* **TASK INPUTS**:
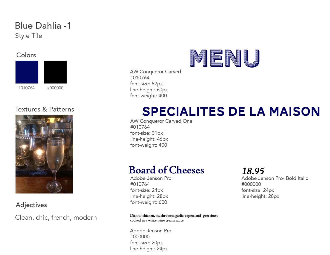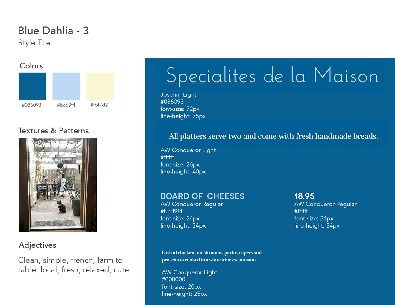 I created a few style tiles to explore different type and color options. I used the typefaces from one style tile and the color palette from another to use color and type to evoke a cool and casual feel for the site.
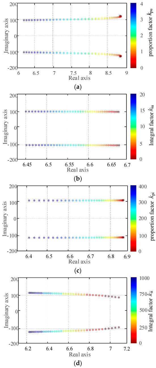The influence of MMC sub-system control parameters on oscillation mode. (a) Effect of proportion factor kpu on oscillation mode. (b) Effect of integral factor kiu on oscillation mode. (c) Effect of proportion factor kpi on oscillation mode. (d) Effect of integral factor kii on oscillation mode.
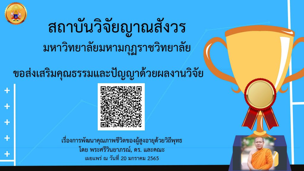 ผลงานวิจัยการพัฒนาคุณภาพชีวิตของผู้สูงอายุด้วยวิถีพุทธ Sutthirak Kanlaya / 20 มกราคม 2022 พระศรีวินยาภรณ์, ดร. […]
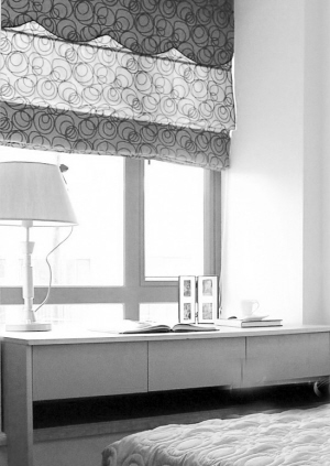 案例6:主人的卧室兼有工作的特点,飘窗的位置安排了一张桌台,让飘窗变成办公桌,窗户较小,为了充分采光,选择了罗马帘再加上平过波形帘帘头,营造出简洁有序的效果,而窗帘的材质是涤纶,上面绣上了珠片。
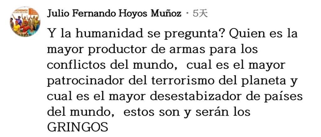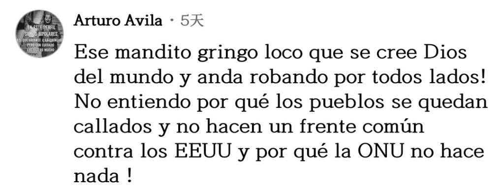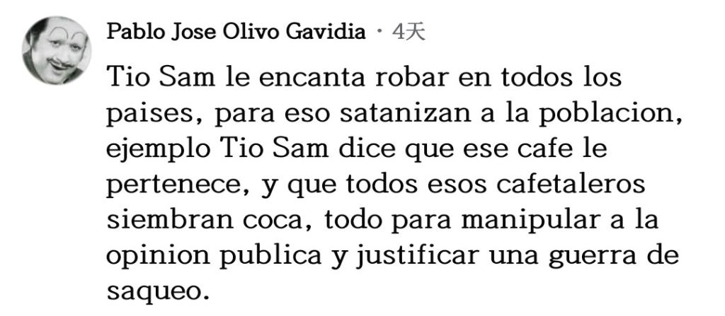 網友巴勃羅·奧利沃留言說:“山姆大叔喜歡在所有國家盜竊,為此他們妖魔化民眾,譬如山姆大叔說那片咖啡園是屬于他的,還說所有那些咖啡農在種植古柯,所有這一切都是為了操弄輿論,為了給他們的掠奪戰(zhàn)爭辯護。”
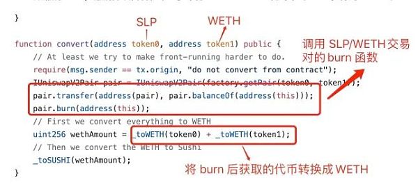 2、调用 Sushi Swap 的 convert 函数,传入的 token0 为第一步获得的 SLP,token1 为 WETH。调用 convert 函数后,Sushi Maker 合约会调用 token0 和 token1 构成的代币池的 burn 函数燃烧 SLP1,燃烧掉攻击者在第一步中打入 Sushi Maker 合约中的 SLP1,得到 WETH 和 SLP。
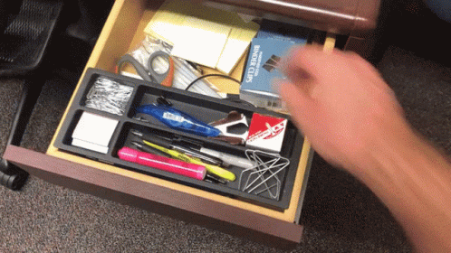 A hand demonstrates satisfying office drawer organization, revealing and tidying supplies with a thumbs up.
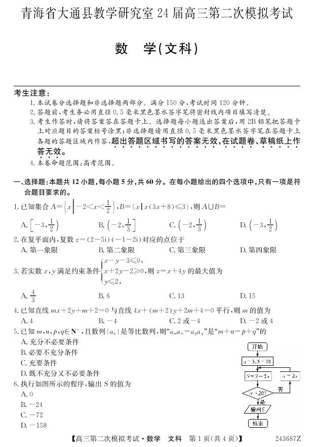 青海省西宁市大通县2024届高三第二次模拟考试文数
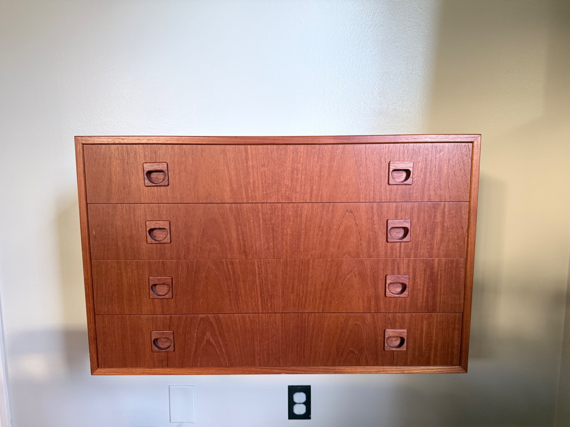Mid-Century Modern Floating Teak Veneer Wall-Mounted Hutch – Dovetail Joinery – Approx. 32"W Sleek and functional, this mid-century modern wall-mounted hutch features clean Danish-inspired lines, solid dovetail drawer construction, and a rich teak veneer finish. Designed to float above the floor, this piece mounts securely using a French cleat (included), making it ideal for small-space storage or display. Estimated Dimensions: Width: 32" Height: 20" Depth: 16" Features: Classic MCM design with integrated sculpted drawer pulls 4 dovetailed drawers with smooth operation High-quality wood construction with natural teak grain Wall-mount hardware (cleat) included Excellent for use as an entryway catch-all, media console, or office storage Condition: ****** You will need to bring a Phillips screwdriver to remove the wood attachment off the wall if you want to float this piece as shown in the picture.
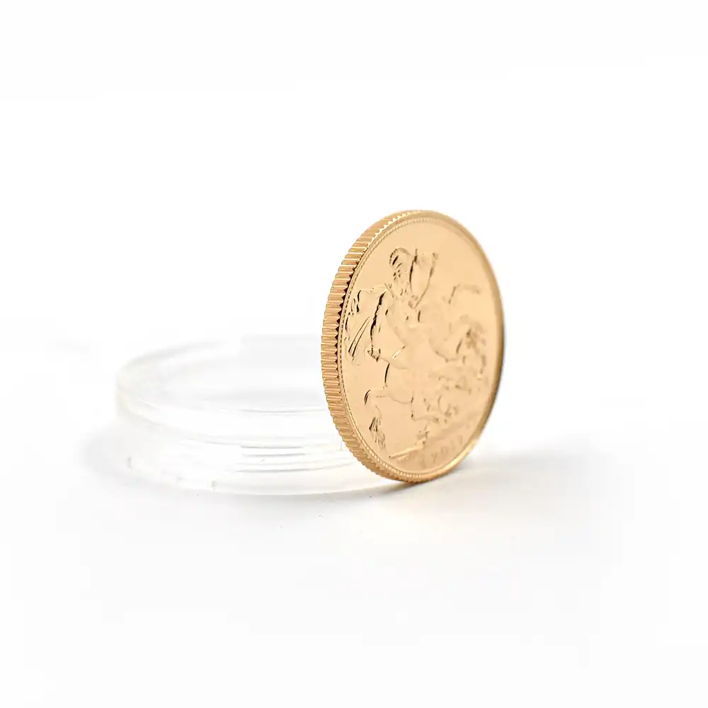 英語で「君主」を意味するソブリン金貨が英国貨幣史上最初に登場するのはテューダー朝の創設者ヘンリー7世の治世下1489年のことで、それまで法定通貨として流通していた天使を描くエンゼル金貨に代わって登場し、玉座に坐る君主が描かれたためソブリンと名付けられました。それ以降、歴代君主の治世を代表する大型金貨として制作されていましたが、共和政と王政復古を経て1663年にはギニー金貨がそれに代わって発行されることになり、以降英国における金貨としてはギニーのみが発行されることになります。その見栄えのする大型の外観によって古来コレクター垂涎の名品とされ、親しまれ続けたソブリン貨ですが、ジェームズ1世の治世下の1604年に考案されたユナイト金貨がその地位を継承し、ソブリン貨は一旦英国貨幣史上から姿を消します。完全に歴史の闇に埋もれたかに見えたソブリン貨ですが、1816年に英国が新しい貨幣法を制定し、金本位制を採用した際に名称のみが奇跡的に復活します。これによって本位金貨が制定され、1817年にはソブリン金貨としての再出発を果たします。金貨の鋳造自体は1817年に開始されましたが、実際に紙幣との兌換が開始されたのは5年後のことでした。それ以降1ソブリン=1ポンドの兌換率を維持し、歴代国王の治世を象徴する第一級の金貨として継承され、近代英国貨幣史の変遷を辿ってきました。1952年のエリザベス2世の即位後もソブリン貨はロイヤルミントによって発行され続け、英国モダンコインの白眉としてコインコレクターを始めとする世界中のコイン関係者たちの限りない賞賛の対象として存続し、世界を魅了し続けて来ました。

* **EXERCISE BRIEF**:
A clean copy is needed of the lines in the listing above from the one with "พระศรีวินยาภรณ์, ดร. […]" through the one with "青海省西宁市大通县2024届高三第二次模拟考试文数", exact in every word and free of pictures.

* **RESPONSE TO THIS TASK**:
 ผลงานวิจัยการพัฒนาคุณภาพชีวิตของผู้สูงอายุด้วยวิถีพุทธ Sutthirak Kanlaya / 20 มกราคม 2022 พระศรีวินยาภรณ์, ดร. […]
 案例6:主人的卧室兼有工作的特点,飘窗的位置安排了一张桌台,让飘窗变成办公桌,窗户较小,为了充分采光,选择了罗马帘再加上平过波形帘帘头,营造出简洁有序的效果,而窗帘的材质是涤纶,上面绣上了珠片。
 網友巴勃羅·奧利沃留言說:“山姆大叔喜歡在所有國家盜竊,為此他們妖魔化民眾,譬如山姆大叔說那片咖啡園是屬于他的,還說所有那些咖啡農在種植古柯,所有這一切都是為了操弄輿論,為了給他們的掠奪戰(zhàn)爭辯護。”
 2、调用 Sushi Swap 的 convert 函数,传入的 token0 为第一步获得的 SLP,token1 为 WETH。调用 convert 函数后,Sushi Maker 合约会调用 token0 和 token1 构成的代币池的 burn 函数燃烧 SLP1,燃烧掉攻击者在第一步中打入 Sushi Maker 合约中的 SLP1,得到 WETH 和 SLP。
 A hand demonstrates satisfying office drawer organization, revealing and tidying supplies with a thumbs up.
 青海省西宁市大通县2024届高三第二次模拟考试文数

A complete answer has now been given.